# man jumps into creek to rescue starving pit bull from drowning



## thegoodstuff (May 12, 2010)

Good man.

I would love to catch someone doing something like this to a dog. Im a baseball fan. There is a baseball bat in my trunk. Nuf said.


----------



## naturalfeddogs (Jan 6, 2011)

I don't understand people. Rocks in the harness? Really??


----------



## thegoodstuff (May 12, 2010)

Why is that so surprising? Its one of the reasons that if aliens landed in my yard, got out, and asked "WTF is going on down here?", I would be embarrassed to be human.

At least this depraved genius didnt use enough rocks to do the job.


----------



## Rvent (Apr 15, 2012)

I think a baseball bat is to kind for people like that!!!! These things make me cry and extremely furious at the same time, the picture alone WTF is wrong with people!!! There are far to many cases like this. Reason why I like dogs better than people. 

And they keep saying Pit Bulls are the dangerous ones I THINK NOT!!!!!!


----------



## smaughunter (Apr 27, 2012)

That is horrible. Good thing that someone that doesn't have a completely black heart was there to save him.


----------



## kevin bradley (Aug 9, 2009)

Like I've always said, I am pretty liberal which means I'm supposed to be against the death penalty.

But I tell you, I would flip the switch on this guy then go on with my day as if nothing happened. And I'm serious, I am naturally really empathetic to people making mistakes in life. 

But seriously, someone doing an act like this is so freaking heinous, so evil... that I don't feel like there is any hope for them. 

Again, I would flip the switch on this guy, smile at his family... tell them I did them a favor. I might drop by the shelter afterwards to see if this Dog needs a home. Then, since I'm in Charleston, I'd see if the conditions were good for kiteboarding and I'd be off to enjoy my day.

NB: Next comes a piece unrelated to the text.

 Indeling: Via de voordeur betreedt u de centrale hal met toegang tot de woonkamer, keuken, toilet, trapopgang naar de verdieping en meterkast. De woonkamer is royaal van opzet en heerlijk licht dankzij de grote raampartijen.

I hope they find this SOB.


----------



## kevin bradley (Aug 9, 2009)

Rvent said:


> I think a baseball bat is to kind for people like that!!!! These things make me cry and extremely furious at the same time, the picture alone WTF is wrong with people!!! There are far to many cases like this. Reason why I like dogs better than people.
> 
> And they keep saying Pit Bulls are the dangerous ones I THINK NOT!!!!!!

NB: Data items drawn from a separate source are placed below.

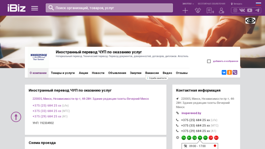 Название / Заголовок | Иностранный перевод ЧУП по оказанию услуг - Нотариальный перевод. Технический перевод. Перевод документов, доверенностей, договоров, дипломов. Апостиль.. 220005, Минск, , Независимости пр-т, 44-28Н. Здание редакции газеты Вечерний Минск |
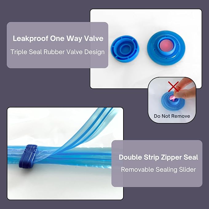 - Easy to Use: Simplicity is key with our vacuum bags. Just place your items inside, seal with the included reinforced zipper sliders, and pump out the air using either the provided hand pump or your household vacuum cleaner
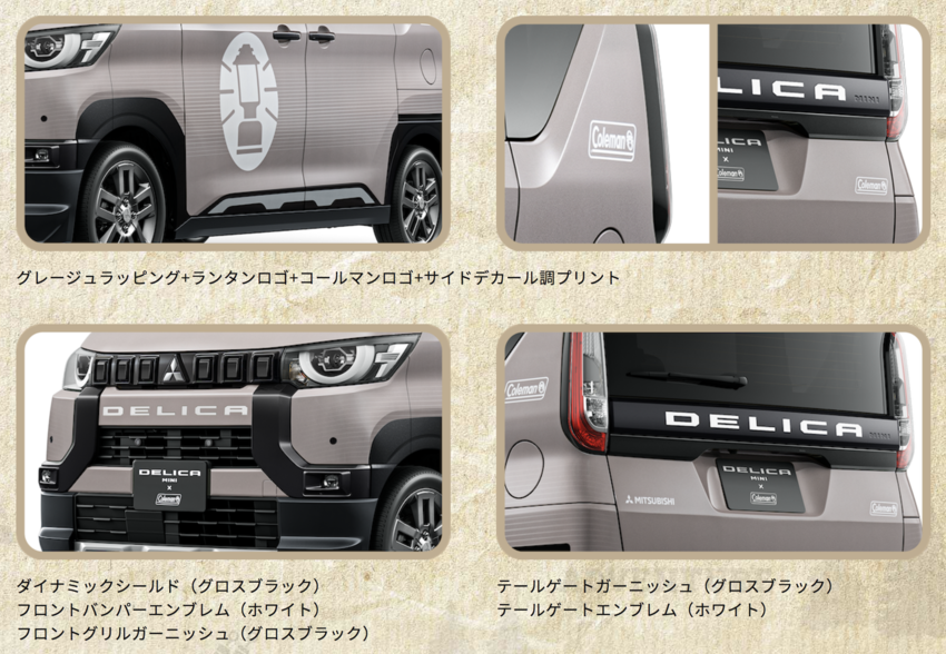 Coleman 特别套件内容包括 Greige 专属车色及贴饰(车侧露营灯、条纹装饰与 D 柱/尾门上 Coleman 徽饰),搭配原厂推荐的黑色水箱护罩、尾门饰板,并将车头尾 Delica 字样施以白色涂装,共同打造出不容错认的特别样貌,选配价格则为 870,540 日圆,约台币 19 万元(1人民币:4.3新台币)。

Every Pit I have been around has been the most people loving, playful, goofy Dog...

I'm nearly convinced that any Pit that is human agressive has been made that way by some evil human.

I hope man pays for how he's treated this great breed someday. 

Maybe God will ask us why we fought, abused, neglected, persecuted this beautiful breed some day. We won't have an answer. We'll just shrug our shoulders.`


----------



## thegoodstuff (May 12, 2010)

I know this is a little dramatic but it is what it is. I just read a story about a man in the UK sentenced Monday to 6 months in jail for beating his Staffordshire Terrier to death a year ago with, of all things, a baseball bat. My reaction was immediate and sure - I forgot about happening to catch one of these monsters in the act, that would just be luck. I realized what really I want to do is go out and actively hunt them down, the ones that dont get arrested or the ones that do and are released ROR or out on bail waiting for a court somewhere to most likely hand down the equivalent of a smack on the pee pee. Ya know, teach them the error of their ways and then make them rue the day they were born. 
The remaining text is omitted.